When Ka Ying Rising jumped cleanly and a few of his rivals weren’t on their toes, the sprinting freak from Asia and the jockey who cut his teeth in Coffs Harbour were never going to get beaten.

There was another fairytale at Randwick, with Queensland veteran Rothfire turning back the clock and winning the Everest consolation race of the $2m Sydney Stakes.

Eight-year-old Rothfire has been to injury hell and back and an emotional Rob Heathcote put this win right up there with his former seven-time Group 1 winning superstar Buffering conquering the world in Dubai in 2016.

THE OLD QUEENSLAND MARVEL ROTHFIRE 🩷🖤

An incredible result in the Syndey Stakes as the 8YO Rothfire prevails for @zpurton!

What a training effort by Robert Heathcote 👏👏 pic.twitter.com/iKj0gOv7xB

— 7HorseRacing 🐎 (@7horseracing) October 18, 2025

Across the border in Victoria, Caulfield Cup day was also a hit.

While it might not have the energetic charisma of The Everest, it has tradition on its side and there were plenty of memorable moments.

Top of the pops was Jamie Melham becoming the first female jockey to win the Caulfield Cup.

Half Yours was the hot favourite and expected to win but Melham produced a peach of a ride when anything lesser and the McEvoys new staying weapon may have got beaten.

Bring on the Melbourne Cup.

HALF YOURS AND JAMIE MELHAM – IT’S HISTORY AT CAULFIELD 🏆

The favourite swamps them late to win a remarkable Caulfield Cup! The McEvoy father and son combo have done it as Jamie Melham becomes the first woman to ride the winner of the 2400M Classic 💪 pic.twitter.com/e56lVA3dW5

— 7HorseRacing 🐎 (@7horseracing) October 18, 2025

The other marvellous element of Saturday was it was all tied together by broadcasters Channel Seven who showed the racing action in both states side-by-side on free-to-air.

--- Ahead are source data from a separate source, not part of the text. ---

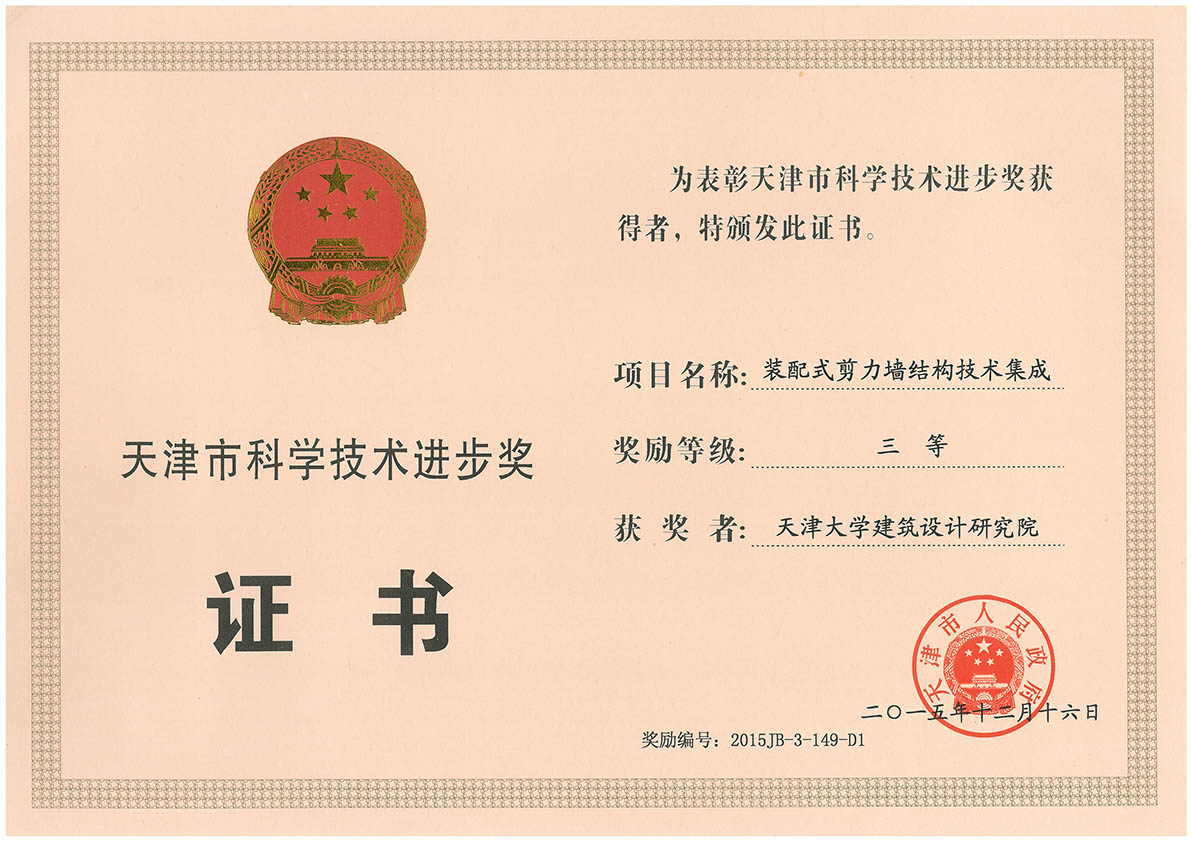 裝配式剪力墻結構技術集成(天津市科學技術進步獎三等獎)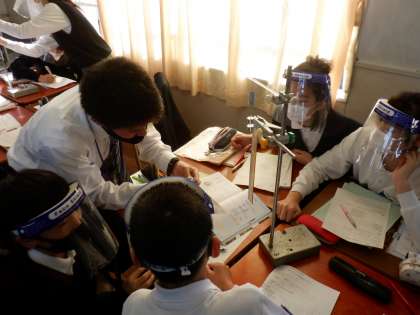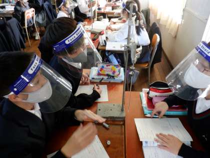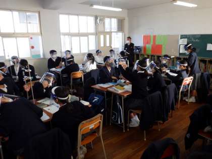 1年生は理科のばね実験が行われました。感染症の拡大予防のために、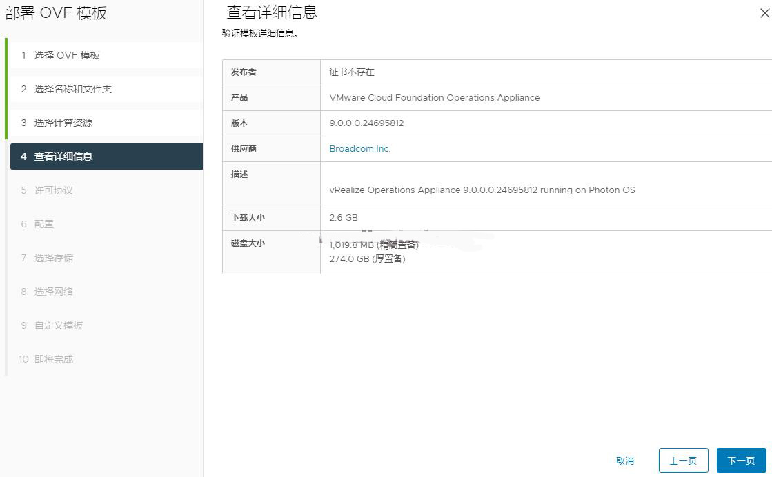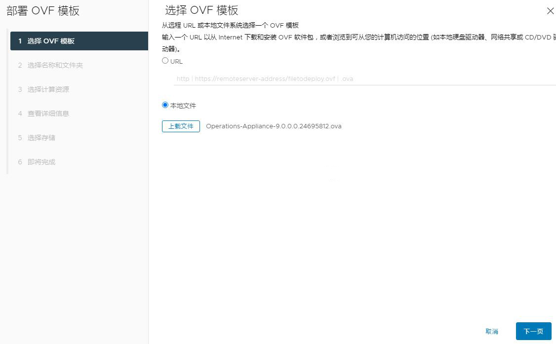 从博通官网下载文件:Operations-Appliance-9.0.0.0.24695812.ova, 登录vCenter,选择主机,右键导入OVF,本地文件,上载文件;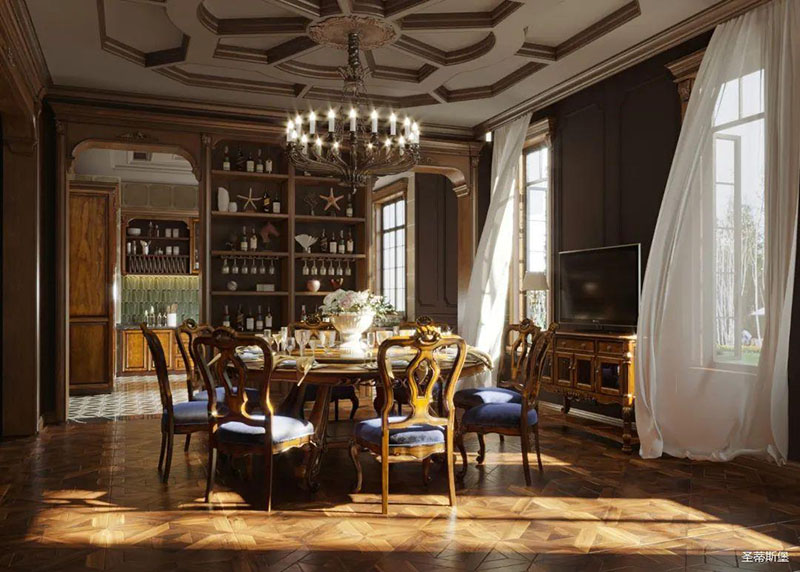 進(jìn)入客廳,純正美式城堡氣息撲面而來(lái),大理石電視背景墻被實(shí)木對(duì)稱鑲嵌,兩側(cè)置頂實(shí)木酒架更添美式風(fēng)情。純正美式風(fēng)格沙發(fā),被流暢光滑的實(shí)木線條包圍,邊角之處盡顯柔美,真皮搭配全實(shí)木藝術(shù)雕刻,貼心的軟包設(shè)計(jì),讓脊椎盡情舒展。霸氣獸腳茶幾,將美式的粗獷大氣體現(xiàn)的淋漓盡致,精美絕倫的實(shí)木單椅在樸實(shí)自然的背景里顯得格外精致美好!

It was a smorgasbord for punters and it almost made too much common sense.

But common and sense are two words that haven’t always been associated with racing.

There has been a history of multiple broadcasters showing different interstate racing products on the same days, in a case of racing doing its best to cannibalise itself.

In terms of eyeballs on racing, the Everest deal brokered by Peter V’landys with sports streaming giant DAZN and Fox Sports 1 in the USA was a ripper.

The remarkable race was able to be viewed in hundreds of countries and potentially by hundreds of millions of new viewers.

This was an Everest specific deal, but News Corp has previously revealed V’landys is in talks for a world horse racing channel on DAZN which would be a real game changer.

V’landys is now confident he will get it done – and his history of deal-making shows you wouldn’t bet against him.

It would not only benefit racing in New South Wales, but also in Victoria and other Aussie racing jurisdictions.

Now doesn’t that smack of common sense?